» What is expected
Give the data again exactly, without images.

» Recorded information

★ ★ ★

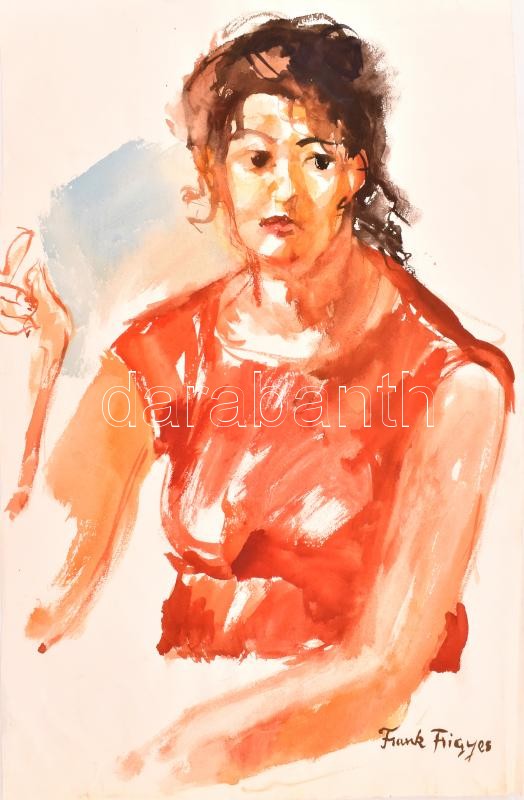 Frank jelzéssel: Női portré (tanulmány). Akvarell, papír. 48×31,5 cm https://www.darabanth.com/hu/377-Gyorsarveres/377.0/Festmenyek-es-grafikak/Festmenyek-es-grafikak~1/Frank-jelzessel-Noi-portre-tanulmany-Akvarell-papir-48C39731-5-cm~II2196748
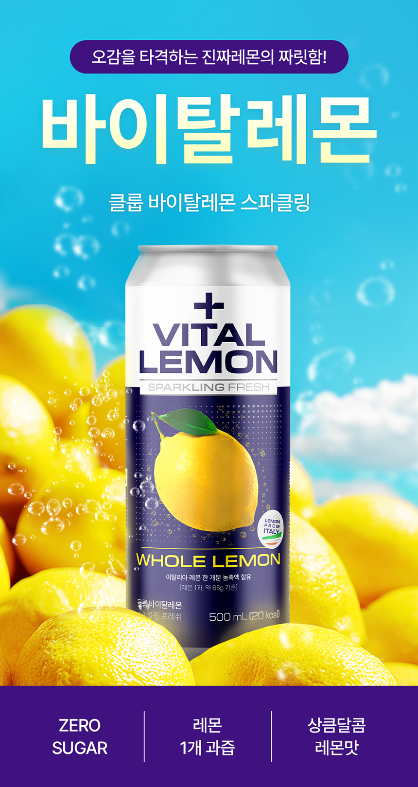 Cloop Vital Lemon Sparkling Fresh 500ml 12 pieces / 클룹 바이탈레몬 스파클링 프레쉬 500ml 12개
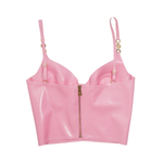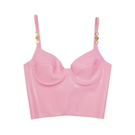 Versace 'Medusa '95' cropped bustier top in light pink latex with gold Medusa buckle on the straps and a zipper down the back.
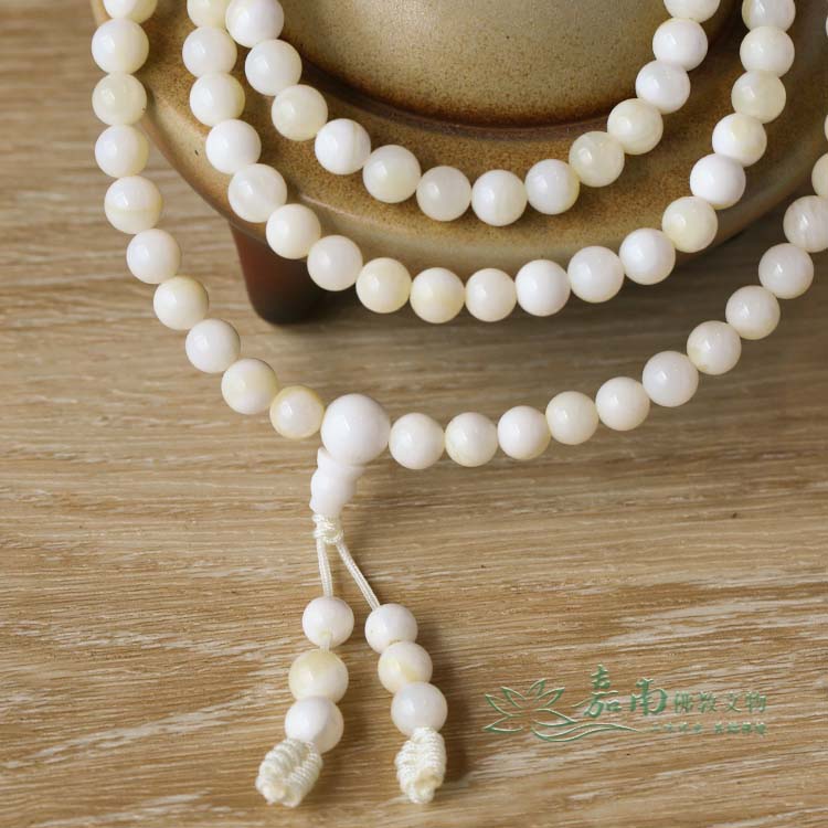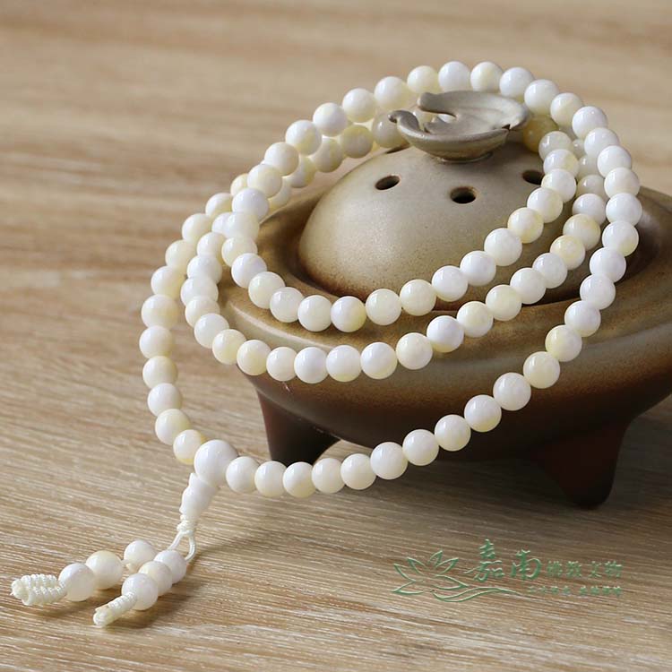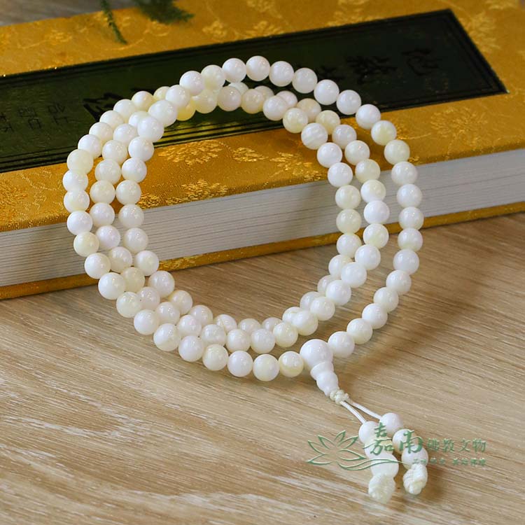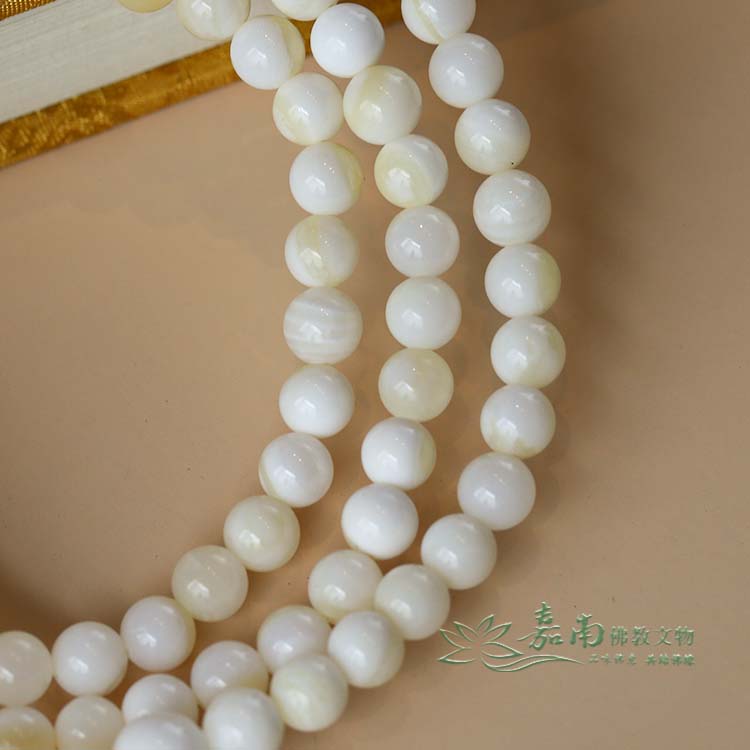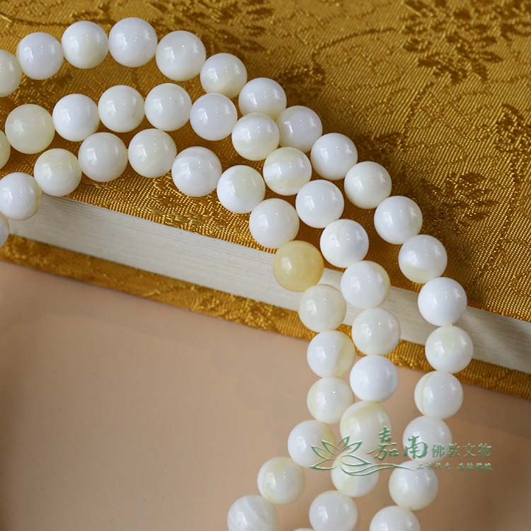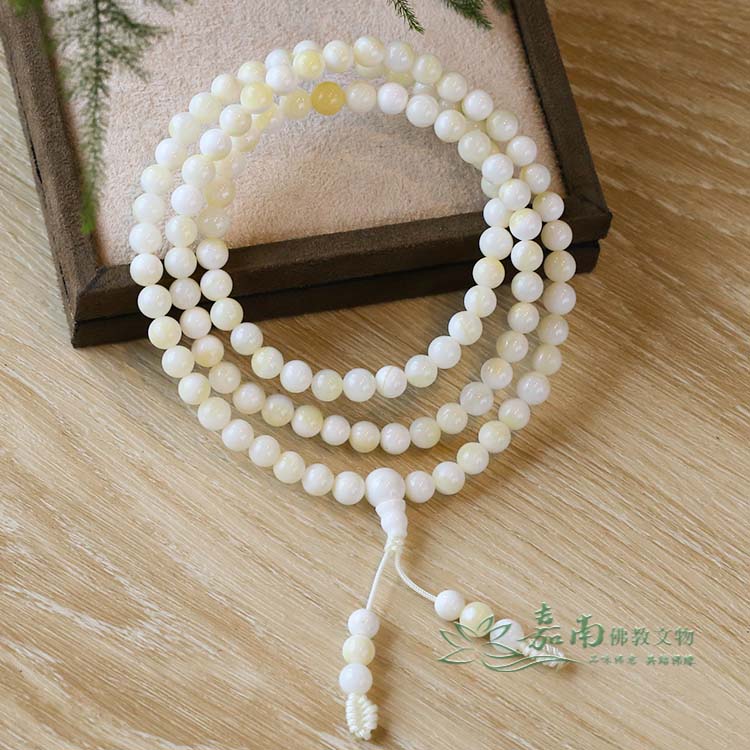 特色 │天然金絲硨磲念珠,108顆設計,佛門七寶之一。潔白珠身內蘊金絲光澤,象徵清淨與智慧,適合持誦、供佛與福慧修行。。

★ ★ ★

» Response to the task
 Frank jelzéssel: Női portré (tanulmány). Akvarell, papír. 48×31,5 cm https://www.darabanth.com/hu/377-Gyorsarveres/377.0/Festmenyek-es-grafikak/Festmenyek-es-grafikak~1/Frank-jelzessel-Noi-portre-tanulmany-Akvarell-papir-48C39731-5-cm~II2196748
 Cloop Vital Lemon Sparkling Fresh 500ml 12 pieces / 클룹 바이탈레몬 스파클링 프레쉬 500ml 12개
 Versace 'Medusa '95' cropped bustier top in light pink latex with gold Medusa buckle on the straps and a zipper down the back.
 特色 │天然金絲硨磲念珠,108顆設計,佛門七寶之一。潔白珠身內蘊金絲光澤,象徵清淨與智慧,適合持誦、供佛與福慧修行。。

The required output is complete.